Supplied entries —

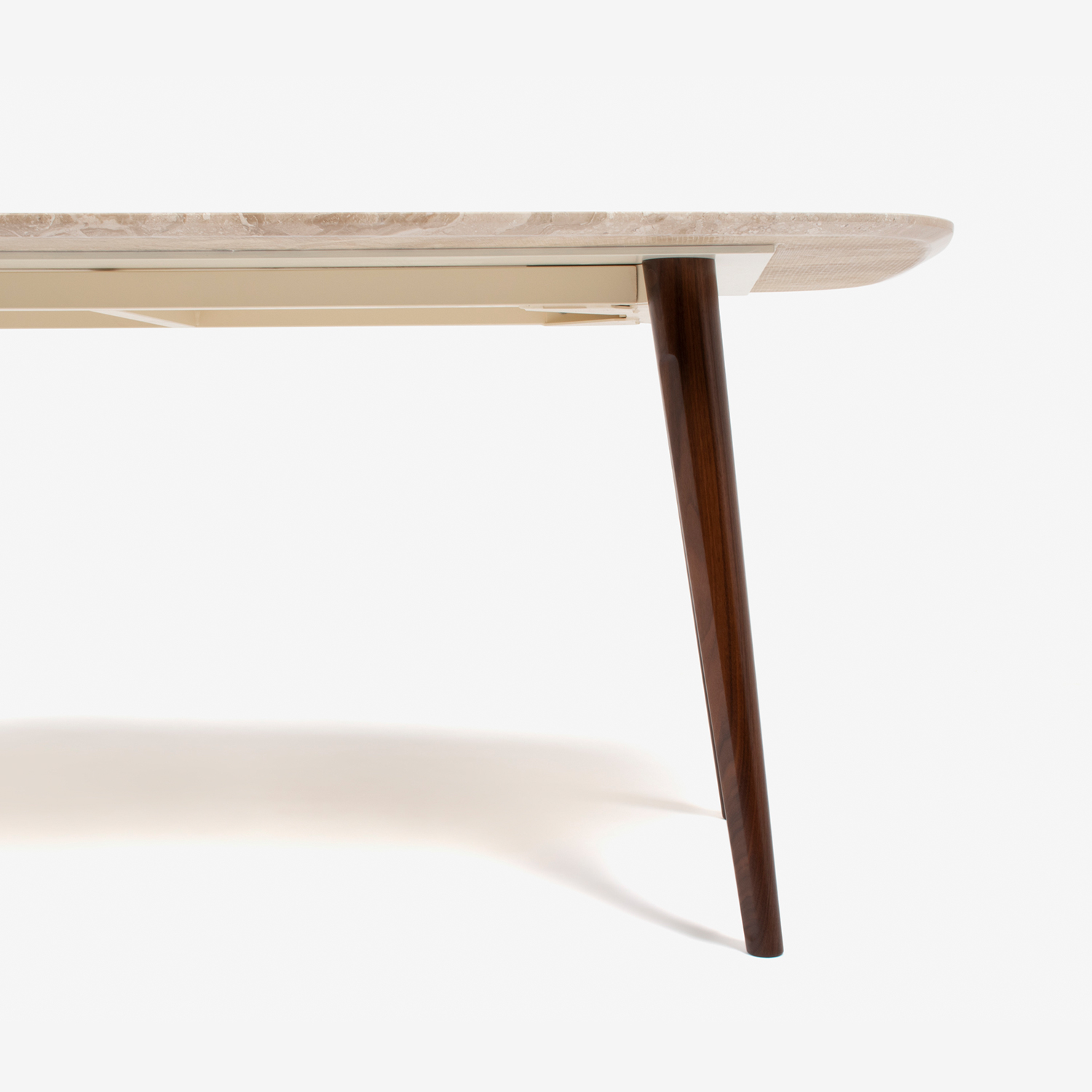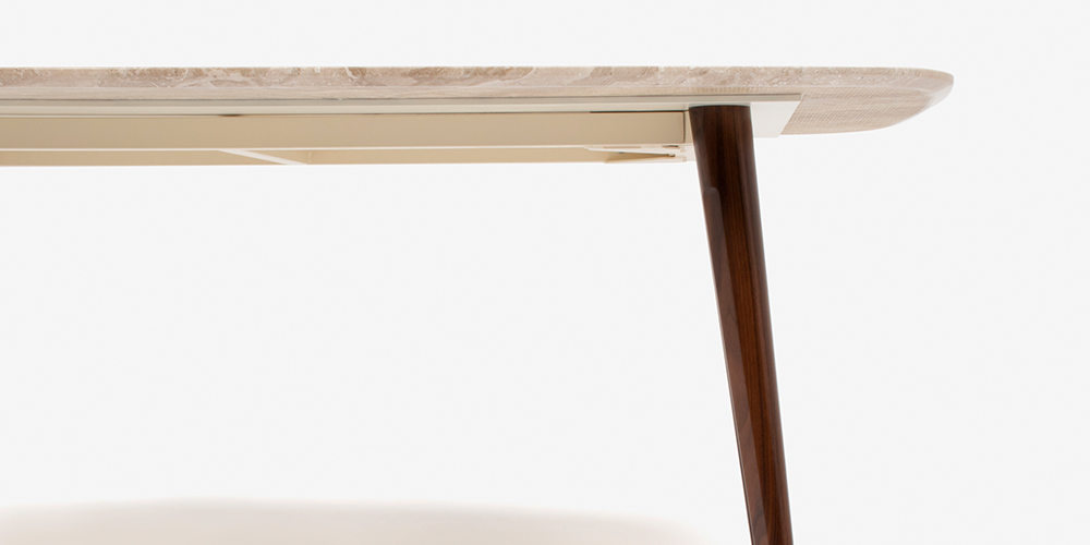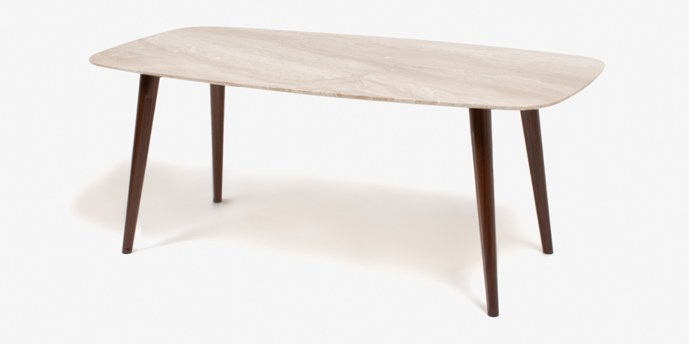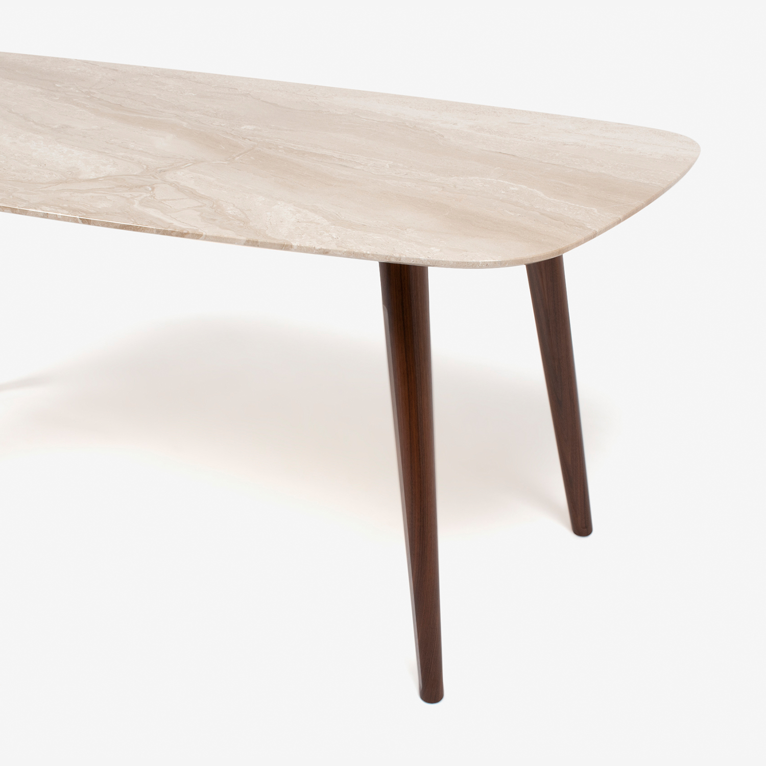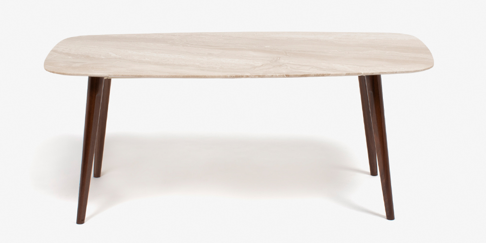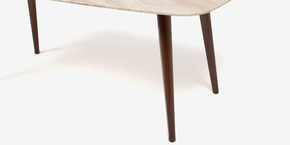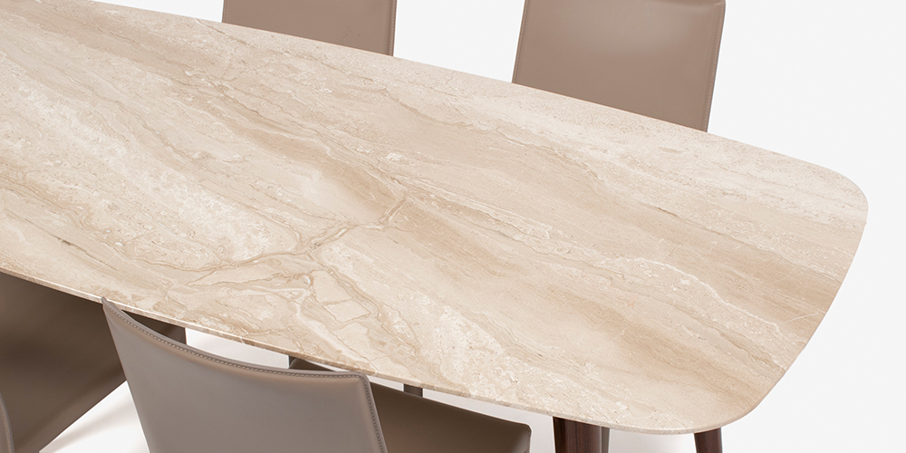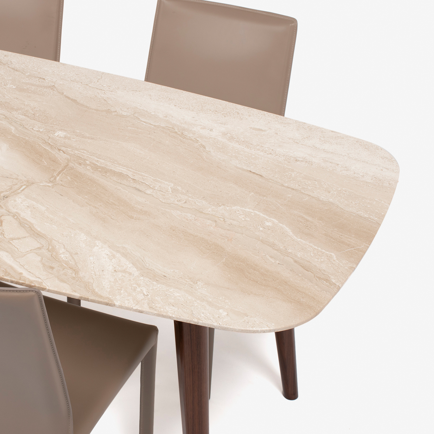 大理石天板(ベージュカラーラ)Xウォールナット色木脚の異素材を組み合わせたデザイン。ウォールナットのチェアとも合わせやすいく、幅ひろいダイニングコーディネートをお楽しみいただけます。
--
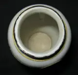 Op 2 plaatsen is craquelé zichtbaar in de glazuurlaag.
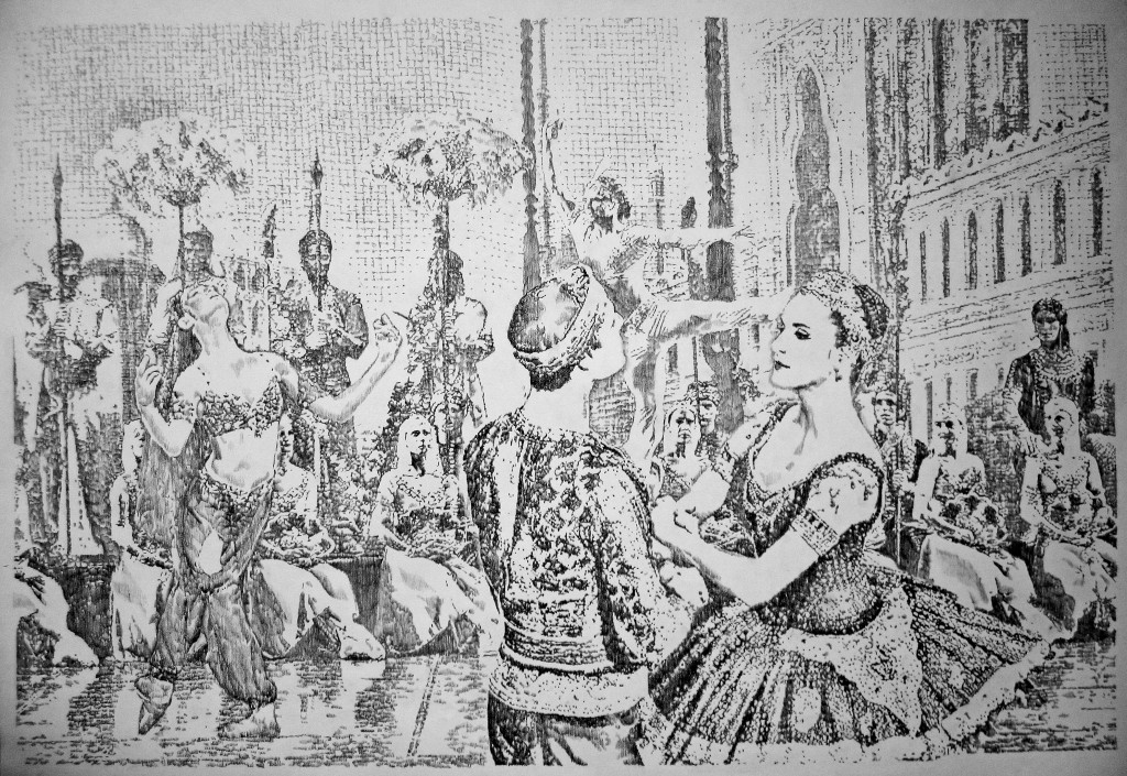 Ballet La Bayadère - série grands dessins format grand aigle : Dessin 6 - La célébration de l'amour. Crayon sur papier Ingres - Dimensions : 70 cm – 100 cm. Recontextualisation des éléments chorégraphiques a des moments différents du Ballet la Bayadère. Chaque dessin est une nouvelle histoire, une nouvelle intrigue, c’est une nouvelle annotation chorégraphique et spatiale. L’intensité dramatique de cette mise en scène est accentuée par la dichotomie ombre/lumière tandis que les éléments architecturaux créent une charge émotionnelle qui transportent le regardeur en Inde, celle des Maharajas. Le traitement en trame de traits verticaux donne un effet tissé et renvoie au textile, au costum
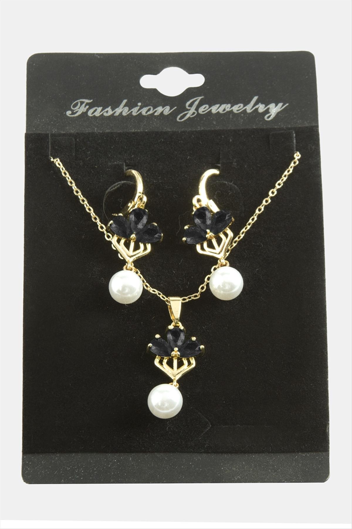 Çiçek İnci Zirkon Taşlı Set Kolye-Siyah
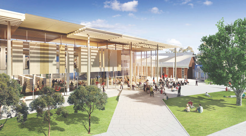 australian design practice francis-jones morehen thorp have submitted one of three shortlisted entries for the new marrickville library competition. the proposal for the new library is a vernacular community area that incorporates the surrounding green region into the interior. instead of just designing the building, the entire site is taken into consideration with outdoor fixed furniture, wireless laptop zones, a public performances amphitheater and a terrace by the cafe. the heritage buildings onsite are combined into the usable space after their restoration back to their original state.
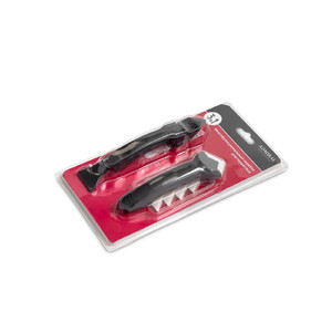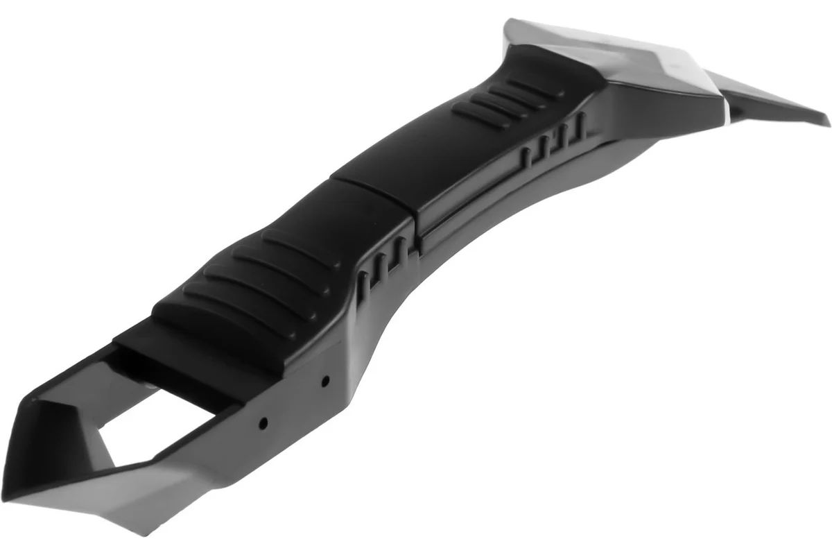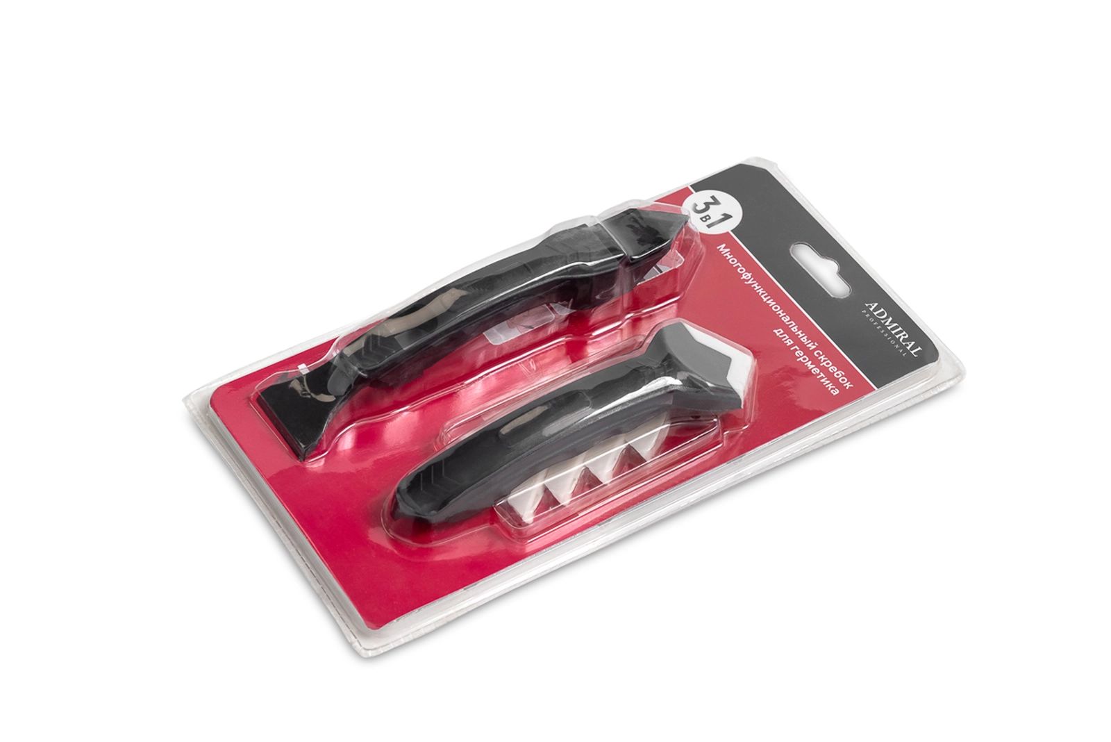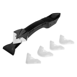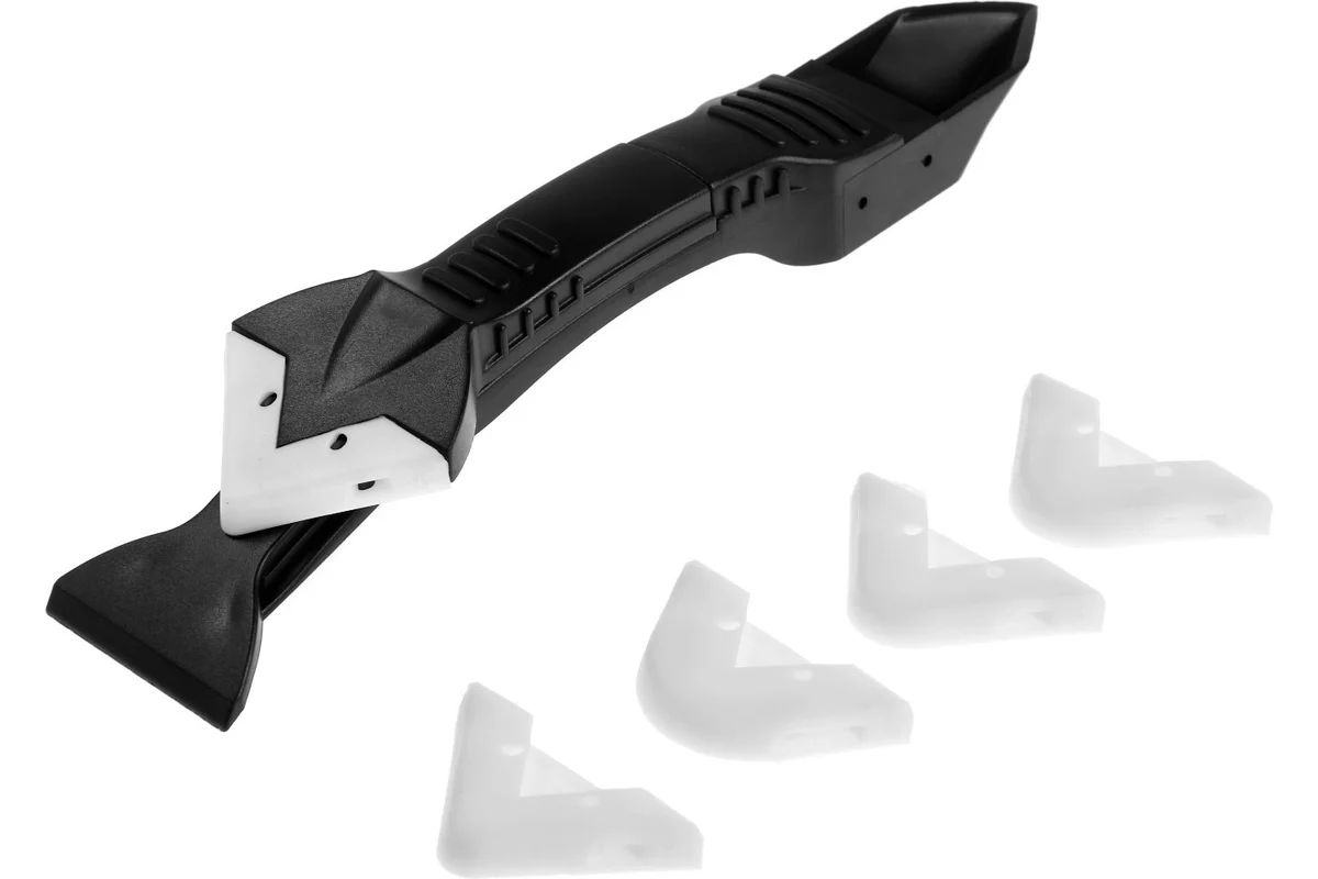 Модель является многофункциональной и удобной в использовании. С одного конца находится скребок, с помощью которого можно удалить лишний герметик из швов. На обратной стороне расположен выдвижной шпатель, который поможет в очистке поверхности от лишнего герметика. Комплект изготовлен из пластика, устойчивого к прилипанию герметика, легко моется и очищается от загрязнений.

Exercise — Beginning with the line holding "Op 2 plaatsen" in the material above, restate word for word each line through the line holding "Çiçek İnci Zirkon Taşlı Set Kolye-Siyah", and exclude pictures.

Result for this exercise —
 Op 2 plaatsen is craquelé zichtbaar in de glazuurlaag.
 Ballet La Bayadère - série grands dessins format grand aigle : Dessin 6 - La célébration de l'amour. Crayon sur papier Ingres - Dimensions : 70 cm – 100 cm. Recontextualisation des éléments chorégraphiques a des moments différents du Ballet la Bayadère. Chaque dessin est une nouvelle histoire, une nouvelle intrigue, c’est une nouvelle annotation chorégraphique et spatiale. L’intensité dramatique de cette mise en scène est accentuée par la dichotomie ombre/lumière tandis que les éléments architecturaux créent une charge émotionnelle qui transportent le regardeur en Inde, celle des Maharajas. Le traitement en trame de traits verticaux donne un effet tissé et renvoie au textile, au costum
 Çiçek İnci Zirkon Taşlı Set Kolye-Siyah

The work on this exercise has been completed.